Hatırlıyorsunuz... Bir dönem Dünya Domuz gribi salgını ve bunun getirdiği panikle sarsılmıştı. Adına şarkılar bile yapılmıştı. İnsanlar medyanın büyük kampanyası ile korku ve dehşete düşürülmüştü. Bir ay önce bir arkadaşımla karşılaştım. "10 gündür evde yatıyorum, hastaydım. Yeni iyileştim" dedi gülerek. Domuz gribine yakalanmış. Hastanelerde vaka sayısı çoktu. Panik yok, korku ve dehşet hiç yoktu. Olay artık sıradanlaşmıştı.
Ünlü stratejist Willaim Engdahl'ın "Sahte Domuz gribi, Gıdalar" adlı kitabından bahsetmiştim dün. İnsanlarla küresel sermayenin nasıl oynadığını, dünya nüfusunu azaltmak için ne gibi dolaplar çevirdiğini aktarıyordu. Bugün biraz daha açalım. William o kitabında "Domuz gribi diye bir salgın korkusu oluşturularak insanlar aşıyla boş yere hasta ediliyorlar. Daha önce Kuş Gribi ile küçük tavuk çiftliklerine büyük bir darbe vurulmuş tavuk üretim işi dünyada 5 büyük şirketin tekeline girmişti." diyor. Önce virüsün oluşturulduğunu ardından aşı üretilip insanların kısırlaştırılmaya kadar itildiğini öne sürüyor.
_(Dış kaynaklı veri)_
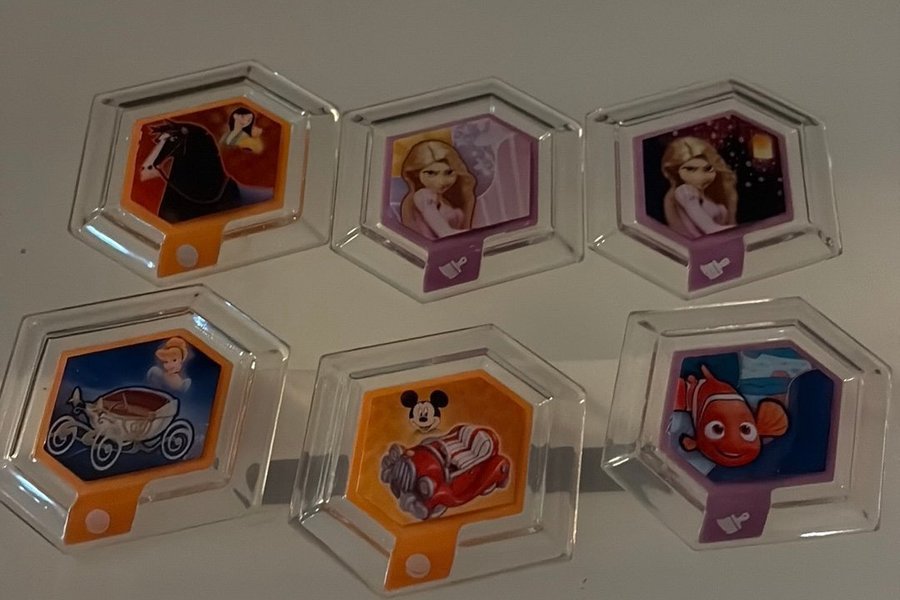 Säljer Disney Infinity Power Discs. Inkluderar Rapunzel, Nemo, Cinderella och fler.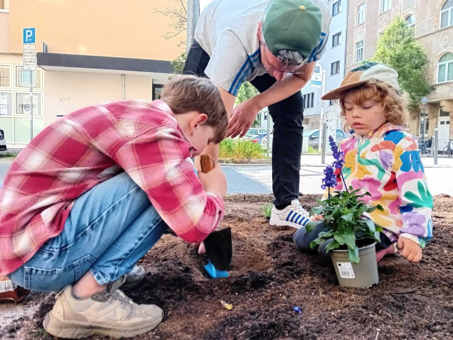 Der frühe positive Kontakt mit der Natur fördert nicht nur die gesunde ganzheitliche Entwicklung, sondern auch eine umweltbewusste Lebensweise im Erwachsenenalter, denn nur wer die Natur kennen und schätzen gelernt hat, kann sich später für den Schutz einsetzen. An diesem Punkt möchten wir ansetzen und den Kindern positive Erfahrungen in der Natur ermöglichen. Mit Leidenschaft und tatkräftiger Unterstützung der Eltern und des Teams haben wir ein brachliegendes verwildertes Stück Land in eine blühende Wiese verwandelt - einen Ort, an dem Kinder ihre Sinne schärfen, kreativ werden und sich in der Natur entfalten können. Eine Natur- und Umweltpädagogin ist stets mit vor Ort und begleitet die Kinder in bei diesem Prozess und thematisiert darüber hinaus Aspekte der Nachhaltigkeit. Zusätzlich soll dies ein Ort der Gemeinschaft und des Austauschs unter freiem Himmel werden. So planen wir das Grundstück auch für andere Kindertagesstätten oder den Stadtteil z.B. für Feste nutzbar zu machen.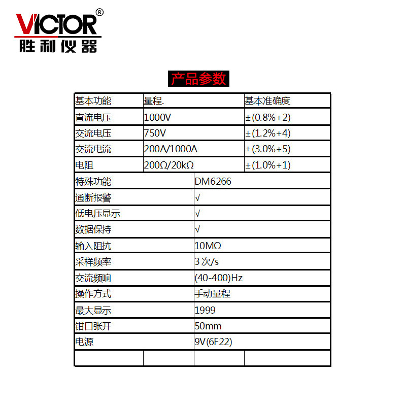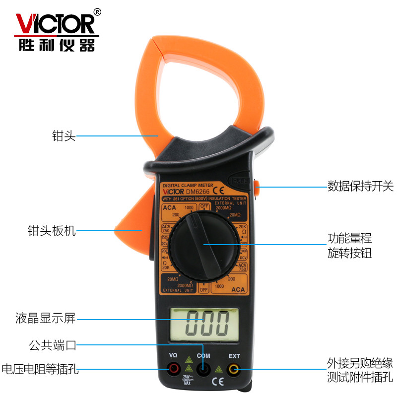 胜利数字钳形表DM6266/6015F大电流钳型钳流表钳形万能表温度频率
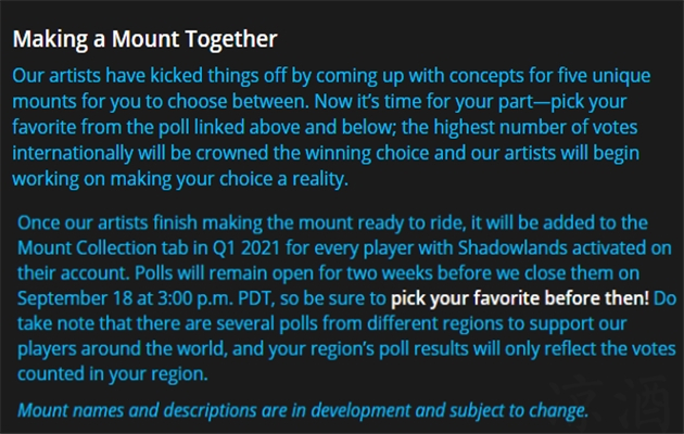 一旦我们的设计师完成了该坐骑的制作,它就会被添加到2021年第一季度的游戏中,每个拥有暗影国度资料片的玩家的坐骑收藏之中,投票共两周,一定要在结束之前选出喜欢的,请注意,我们的最终结果会统计所有地区的投票,所以可能实际与您所在地区的投票排名有差异。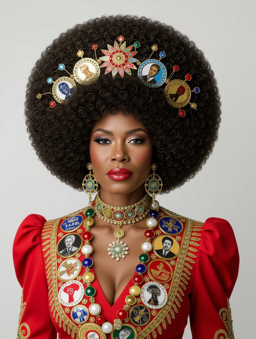 This striking image features a person with a large afro adorned with civil rights symbols. The artwork has a dystopian aesthetic and celebrates afro beauty.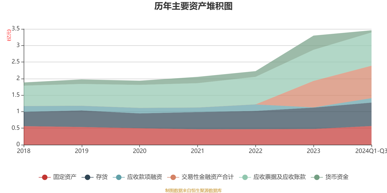 资产重大变化方面,截至2024年三季度末,公司货币资金较上年末减少85.3%,占公司总资产比重下降10.42个百分点;交易性金融资产合计较上年末增加22.5%,占公司总资产比重上升4.39个百分点;应收款项融资较上年末增加1848.38%,占公司总资产比重上升3.57个百分点;固定资产较上年末增加18.63%,占公司总资产比重上升2.1个百分点。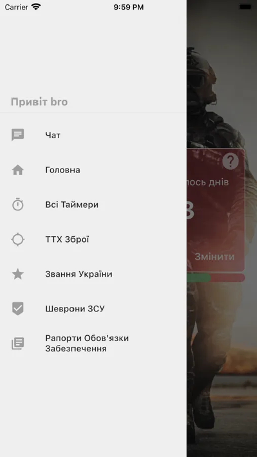 Цей додаток 100% Український з відкритим кодом, не використовує персональні дані, чи місцезнаходження, містить ДМБ таймер, довідник тактико-технічних характеристик з найрозповсюднійшої зброї армії, вбудований воєнторг, чат, приклади рапортів, довідник військових звань з фото, довідник обов`язків військовослужбовця, довідник забезпечення військового.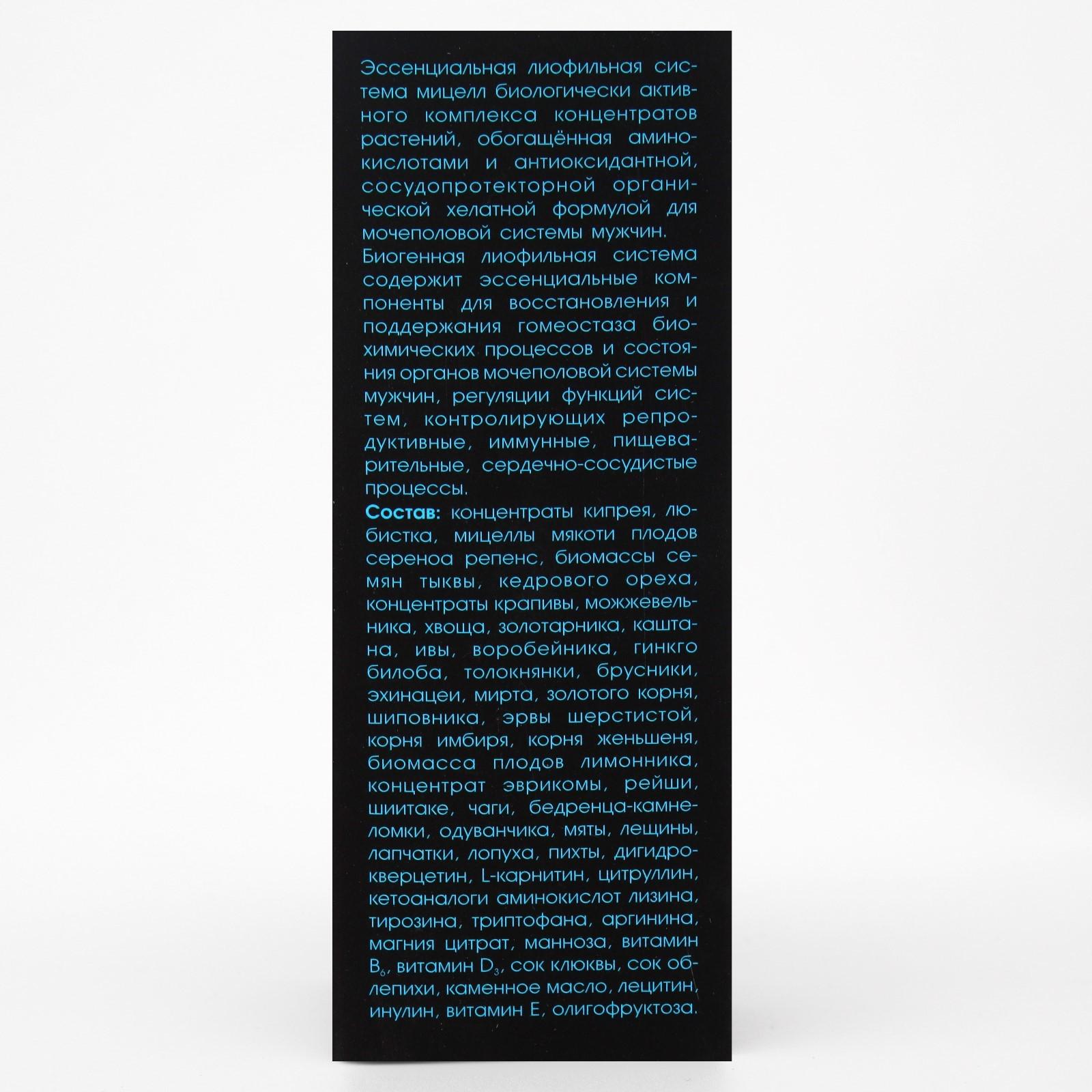 Лиофильная биосистема рекомендована для мужчин в качестве восстанавливающего, профилактического, регулирующего средства для функций и состояния органов мочеполовой системы.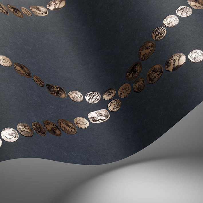 Evoking a visual universe that mixes various eras, this wallpaper illuminates a room with an eternal beauty.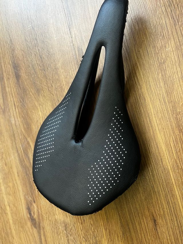 Sillín de bicicleta de diseño moderno y ultraligero. - Color negro. - Superficie con pequeños puntos blancos. - Diseño ergonómico con canal central. Con algún roce .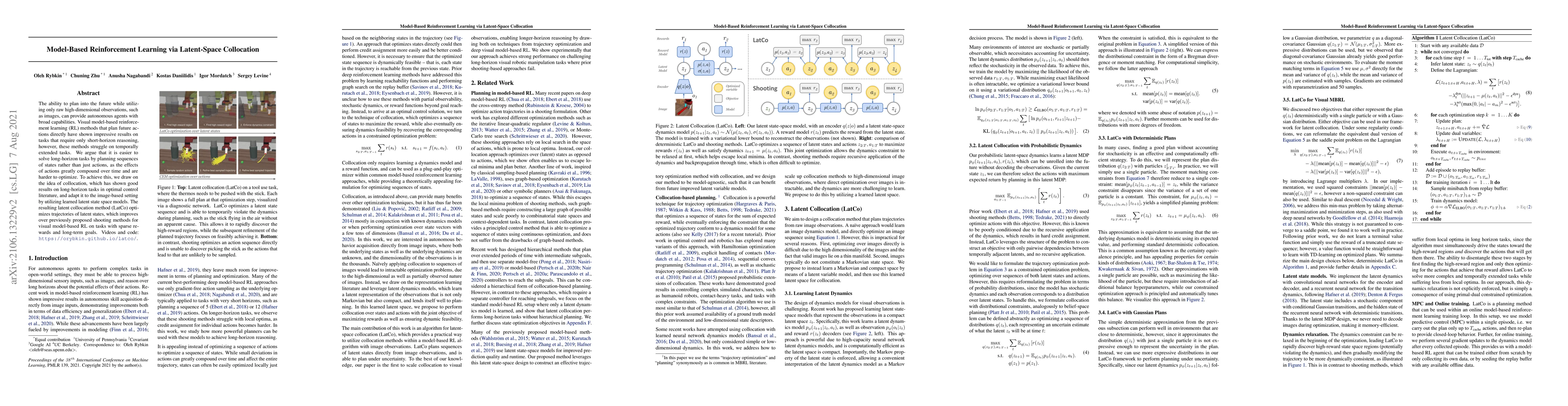 This paper proposes a latent collocation method (LatCo) for model-based reinforcement learning that optimizes sequences of latent states instead of just actions to improve performance on long-horizon tasks with sparse rewards. LatCo leverages learned latent state space models and outperforms shooting methods in visual model-based RL.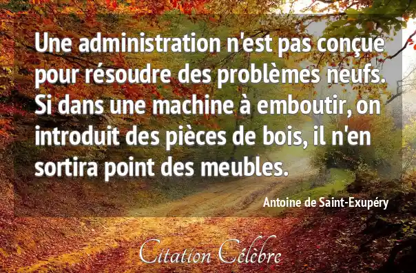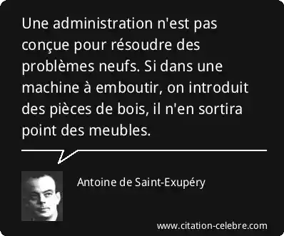 Une administration n'est pas conçue pour résoudre des problèmes neufs. Si dans une machine à emboutir, on introduit des pièces de bois, il n'en sortira point des meubles.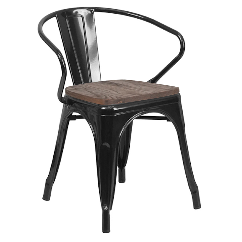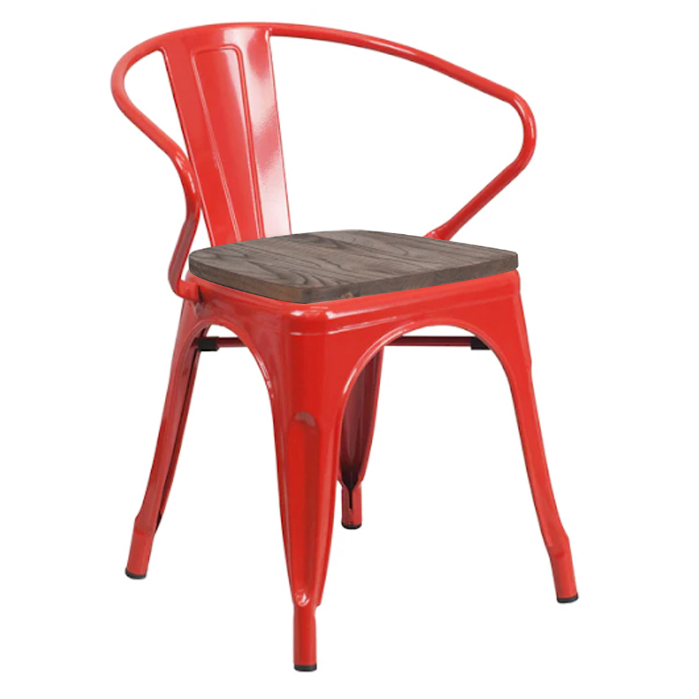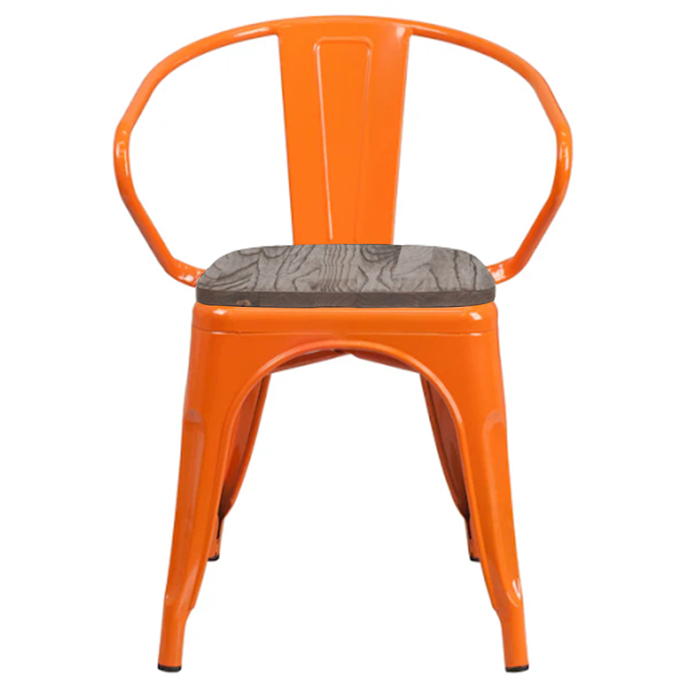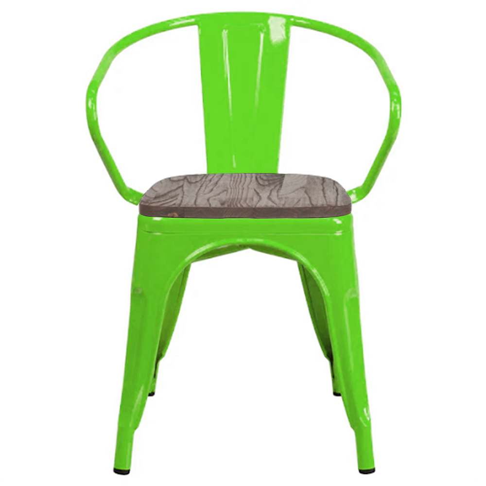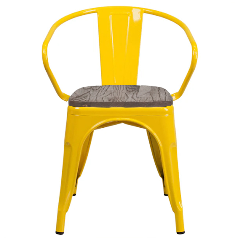 Sumo™ All Steel Tolix Arm Chair, with Wood on Seater Powder Coated Steel Frame, Solid Steel Welded Construction

Bugün Corona Virüs salgınında olduğu gibi hem Domuz gribi hem de Kuş gribi salgınında küresel sermayenin elindeki medya yeryüzüne büyük korku salgıladı. Ardından Kuş gribi hastalığının tedavisinde kullanılan tamiflu ilacından milyarlarca satış yapıldı. Ülkeler sıraya girip adeta birbirini ezdi. Birçok devlet stoklar yaparak tedbir aldı. İlacın üretimini yapan Gilead Sciences ile Roche firması milyarlarca dolar kazandı. Tamiflu ilacının üretimini yapan firmalar kasalarını dolduruken ABD eski başkanı Bush'un kardeşi Neil Bush'un ortağı olduğu CP Piliç de bu krizde tekelleşen ve kepçeyle dolarları götüren birkaç firma arasında yer aldı. Sadece domuz gribininin dünyada bazılarına kaybettirdiği rakamlar 4.4 TRİLYON DOLAR'dı. Bu para birilerinin cebinden çıktı ama aynı amanda da başka birilerinin kasasına girdi. Dünya Sağlık Örgütü'nden Profesör Ulrich Keil, "Domuz gribi salgını ilaç üreticilerinin kârlarını artırmak için bu şirketlerle ortak olarak üretilen bir korku kampanyasıydı" diyordu. En yetkili ağızdan gelen bu korkunç açıklamayı alıp büyütecek bir dünya medyası da yoktu. Çünkü o medyanın patronları da korku imparatorlarıydı.
William Engdahl "Virüs-aşı" döngüsüne tohumları da katarak oluşturduğu üçgenin dünyayı tehdit ettiğini söylüyor. "Milyonları aç bırakmak, gıdayı biyolojik ve ekonomik silâh olarak kullanmak kalıtımı değiştirilmiş tohumlarla daha da kolay. Kalıtımı değiştirilmiş, Sahte Gıdalar sayesinde yeni, olmadık hastalıklara mâruz bırakılıyoruz. Tohum şirketlerinin gıda kontrolü ile dünya nüfusunun azaltımı gerçekleşiyor." diyor. İnsan hayatını hiçe sayan bu operasyonun başında da dünyanın bir numaralı zengin ailesi Rockfeller'e ait vakfın bulunduğunu örnekler vererek anlatıyor.
Babam çiftçiydi. Çocukluğumuz çiftlikte geçti. Yıllar önce tarlalarımızda yetişen domatesin tadı, suyu ve çekirdikleri yok artık. Kokusu bile farklıydı. O da yok. Tohumlarla, bini aşkın laboratuarda virüslerle oynayıp dünyaya servis ediyorlar. İlaç ve gıda üzerinden dünyayı vurup hem milyarlarca dolar kazanıyor, hem de nüfusu azaltmanın deneylerini yapıyorlar. Evet şu an test aşamasındayız!